Under this line are the records; write out word for word the part that begins at the line containing "Ref: 103093 Grão" and ends at the line containing "- Multi-Ply Clad: This", and no more.
┌─ DATA TO PROCESS
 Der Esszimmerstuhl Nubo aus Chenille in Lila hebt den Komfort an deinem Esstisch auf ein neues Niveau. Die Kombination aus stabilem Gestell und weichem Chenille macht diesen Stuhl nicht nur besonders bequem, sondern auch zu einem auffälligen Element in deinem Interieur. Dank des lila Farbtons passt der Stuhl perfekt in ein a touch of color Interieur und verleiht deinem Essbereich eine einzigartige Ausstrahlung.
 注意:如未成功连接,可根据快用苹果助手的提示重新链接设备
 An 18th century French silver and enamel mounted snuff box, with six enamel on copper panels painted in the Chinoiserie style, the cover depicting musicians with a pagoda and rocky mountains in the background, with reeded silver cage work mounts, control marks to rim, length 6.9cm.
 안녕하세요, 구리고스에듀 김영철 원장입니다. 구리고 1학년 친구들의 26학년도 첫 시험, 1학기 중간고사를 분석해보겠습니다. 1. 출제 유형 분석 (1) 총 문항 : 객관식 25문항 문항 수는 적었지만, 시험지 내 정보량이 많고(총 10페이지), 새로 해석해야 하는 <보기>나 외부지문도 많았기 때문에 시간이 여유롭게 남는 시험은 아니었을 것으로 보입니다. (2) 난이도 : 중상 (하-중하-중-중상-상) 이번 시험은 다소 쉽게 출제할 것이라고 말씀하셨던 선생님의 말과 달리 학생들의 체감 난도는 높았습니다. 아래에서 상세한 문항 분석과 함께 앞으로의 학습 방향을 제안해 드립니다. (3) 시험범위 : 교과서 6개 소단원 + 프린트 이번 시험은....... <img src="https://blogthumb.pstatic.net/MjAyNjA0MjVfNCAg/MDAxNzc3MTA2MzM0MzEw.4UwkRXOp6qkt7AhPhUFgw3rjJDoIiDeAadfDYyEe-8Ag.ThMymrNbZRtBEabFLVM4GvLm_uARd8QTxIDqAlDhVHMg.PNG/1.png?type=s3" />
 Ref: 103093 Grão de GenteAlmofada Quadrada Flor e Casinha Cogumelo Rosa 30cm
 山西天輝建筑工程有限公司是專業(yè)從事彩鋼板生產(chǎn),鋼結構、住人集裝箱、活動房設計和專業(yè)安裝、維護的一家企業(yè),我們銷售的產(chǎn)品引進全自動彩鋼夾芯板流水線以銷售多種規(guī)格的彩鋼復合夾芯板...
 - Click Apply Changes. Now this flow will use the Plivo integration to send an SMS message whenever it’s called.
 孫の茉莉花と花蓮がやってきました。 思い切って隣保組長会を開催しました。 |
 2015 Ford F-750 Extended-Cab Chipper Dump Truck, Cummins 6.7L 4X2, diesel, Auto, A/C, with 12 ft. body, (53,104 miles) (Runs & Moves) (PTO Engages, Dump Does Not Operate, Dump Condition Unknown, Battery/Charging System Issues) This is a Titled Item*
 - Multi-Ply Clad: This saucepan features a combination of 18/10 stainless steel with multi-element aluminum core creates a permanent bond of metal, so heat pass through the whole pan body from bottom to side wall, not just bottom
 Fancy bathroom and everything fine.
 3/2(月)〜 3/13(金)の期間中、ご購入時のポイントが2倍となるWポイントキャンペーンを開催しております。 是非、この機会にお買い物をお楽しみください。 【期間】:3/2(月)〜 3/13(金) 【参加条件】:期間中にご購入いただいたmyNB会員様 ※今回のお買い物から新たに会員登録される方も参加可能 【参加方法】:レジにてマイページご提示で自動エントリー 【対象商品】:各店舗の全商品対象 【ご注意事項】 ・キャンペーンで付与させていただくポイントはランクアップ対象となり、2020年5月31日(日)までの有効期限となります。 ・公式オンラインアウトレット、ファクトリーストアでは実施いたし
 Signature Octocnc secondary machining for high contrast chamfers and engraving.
└─
— TASK RESPONSE —
 Ref: 103093 Grão de GenteAlmofada Quadrada Flor e Casinha Cogumelo Rosa 30cm
 山西天輝建筑工程有限公司是專業(yè)從事彩鋼板生產(chǎn),鋼結構、住人集裝箱、活動房設計和專業(yè)安裝、維護的一家企業(yè),我們銷售的產(chǎn)品引進全自動彩鋼夾芯板流水線以銷售多種規(guī)格的彩鋼復合夾芯板...
 - Click Apply Changes. Now this flow will use the Plivo integration to send an SMS message whenever it’s called.
 孫の茉莉花と花蓮がやってきました。 思い切って隣保組長会を開催しました。 |
 2015 Ford F-750 Extended-Cab Chipper Dump Truck, Cummins 6.7L 4X2, diesel, Auto, A/C, with 12 ft. body, (53,104 miles) (Runs & Moves) (PTO Engages, Dump Does Not Operate, Dump Condition Unknown, Battery/Charging System Issues) This is a Titled Item*
 - Multi-Ply Clad: This saucepan features a combination of 18/10 stainless steel with multi-element aluminum core creates a permanent bond of metal, so heat pass through the whole pan body from bottom to side wall, not just bottom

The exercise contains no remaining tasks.